結局、この時は、ピストルズとかラモーンズとかダムドとか、ギターソロを除けばパワーコードだけで押し通せるような曲しか弾けるようにならず、その先、どう練習していいかもわからなくて、一年足らずで挫折してしまった。よく、「Fの壁」とか言われるが、そもそもオープンコードを練習した覚えがないので、そこにすら至っていない。

 二十代の頃に、エレキベースに手を出したこともある。

 ギターはコードとかあって難しいけれど、ベースなら単音なので何とかなるんじゃないかという、ベーシストが聞いたら怒られそうな理由からだ。すみません。何もわかっていなかったんです。
 その頃は音楽の趣味も、パンクからレゲエやファンクに移っていたので、とりあえずボブ・マーリー&ウェイラーズのバンドスコアを買ってきて、『ジャミング』とかの簡単な曲なら、ピック弾きでいくつか弾けるようにはなった。
 本当はブーツィー・コリンズみたいな格好良いスラップに憧れていて、真似して練習してみたりもしたんだけど、そもそもどうしたらあんな音が出るのかすらもわからなかった。
 当時はスラップはチョッパー奏法とか呼ばれていて、超絶技巧のように思われていた。詳しい教則本なんかも存在せず、みんな手探りで技を習得していたんじゃないかと思う。
 まあ私はツーフィンガーすらできなかったから問題にもならないが。

 そんなわけで、二度の挫折を経て「自分は音楽には向いていない」と思うようになった。

 だけど、「楽器が弾ける人」への憧れは、ずっと燻り続けていたようだ。   
 楽器が弾けないままに終わる人生に、大きな悔いがあったのは間違いない。

 そんな時にコロナである。

 さっきも書いたが、最初はギターではなくウクレレだった。
 これは今振り返っても、いい巡り合わせだったと思う。
 最初からギターだったら、また挫折していたかもしれない。

 ウクレレの練習を始めたのは、忘れもしない、2020年の5月のゴールデンウィークの頃だった。今からちょうど2年前のことだ。

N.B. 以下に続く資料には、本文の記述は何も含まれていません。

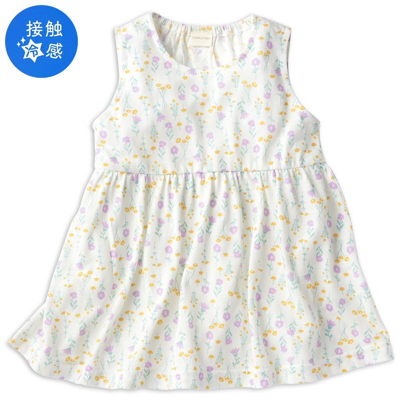 ベビー盛夏向け、女児用総柄ワンピースのご提案です。 着回しの良い定番のワンピース型で夏に大活躍間違いなし。 夏に嬉しい肌に当たると冷っとする接触冷感機能付き。 レモン柄と花柄の2柄、サイズは 70/80/90/95cm の4サイズ展開です。

 インターネットでウクレレの普及に力を入れている、ガズさんという人のYouTube動画(→こちら)を見て始めたのだが、これがびっくりするほどわかりやすく、1週間もしないうちに簡単な曲が弾けるようになり、その上、弾きながら歌う、「弾き語り」ができるようになってしまった。

「俺、楽器弾けてる! 弾き語りしている!」というこの時の感動と衝撃は計り知れない。一生無理だと思っていたことが、短い期間であっさりと習得できてしまい、狐につままれたような気分だった。

 これがウクレレのいいところで、例えばCやAmなどのコードは指一本で押さえられるし、悪名高いFコードもたった指二本である。弦もナイロンだから押さえやすいので、コードチェンジも少し練習すればすぐにできるようになる。

 この成功体験に味をしめ、次から次へと弾き語りで曲をコピーした。ギターだと、たぶんこの状態に至るまでに早い人でも3か月から半年くらいはかかると思う。ウクレレから始めてよかったと書いたのはこのためだ。楽器っていうのは、弾けるようになると、どんどん楽しくなってくる。

 そして数か月後、とうとうギターに手を出した。

 若い頃はエレキでギョイーンみたいなのに憧れがあったんだけど、ウクレレから入ったせいで、アコースティックギターに興味が湧いた。

 で、いろいろと調べているうちに、「スラム奏法」というものに出会った。

 自分も詳しくは知らないんだけど、ペッテリ・サリオラさんというフィンランドのギタリストが2000年頃から始めた比較的新しい奏法で、まあ要するにギターをパーカッションのように叩きまくりながら弾く奏法だ。

 通常は初心者が手を出すような奏法じゃないんだけど、知らない者の強みというか何というか、「ナニこれカッケー。俺もこれできるようになりたい」と、いきなりこれから練習を始めたのです(今はピック弾きの練習もしています)。

 というわけで、49歳でギターを始めて1年半(ウクレレ入れたら2年くらい)の現在の私の演奏を公開します。ある意味、羞恥プレイだな。でも人に演奏聞いてもらわないと上達しないっていうしな~。

 これは先日、部屋で練習していたら、息子くん(大学生)が乱入してきてスマホで動画撮影してくれたものです。梅雨時なもんで室内干しの洗濯物とかが映り込んでいて絵面が悪いのはご勘弁。

 曲は Vaundyの『裸の勇者』。アニメ『王様ランキング』の主題歌です。

 こうやって動画で客観的に見ると、自分で思っていた以上に弾けてないな~。

 クローズスネアの叩く位置が悪いとか、カッティングとかブラッシングのキレの悪さとか、ロール入るとリズムが微妙に狂うところとか、課題だらけだな。あと俺、最近太り過ぎだからダイエットしないと(ギター関係ない)。

 この年になって、新たに一生付き合える趣味に出会うとは思ってなかったよ。ギター楽しい。

 心残りは、せめてあと十年早く始めたかったってことくらいかな。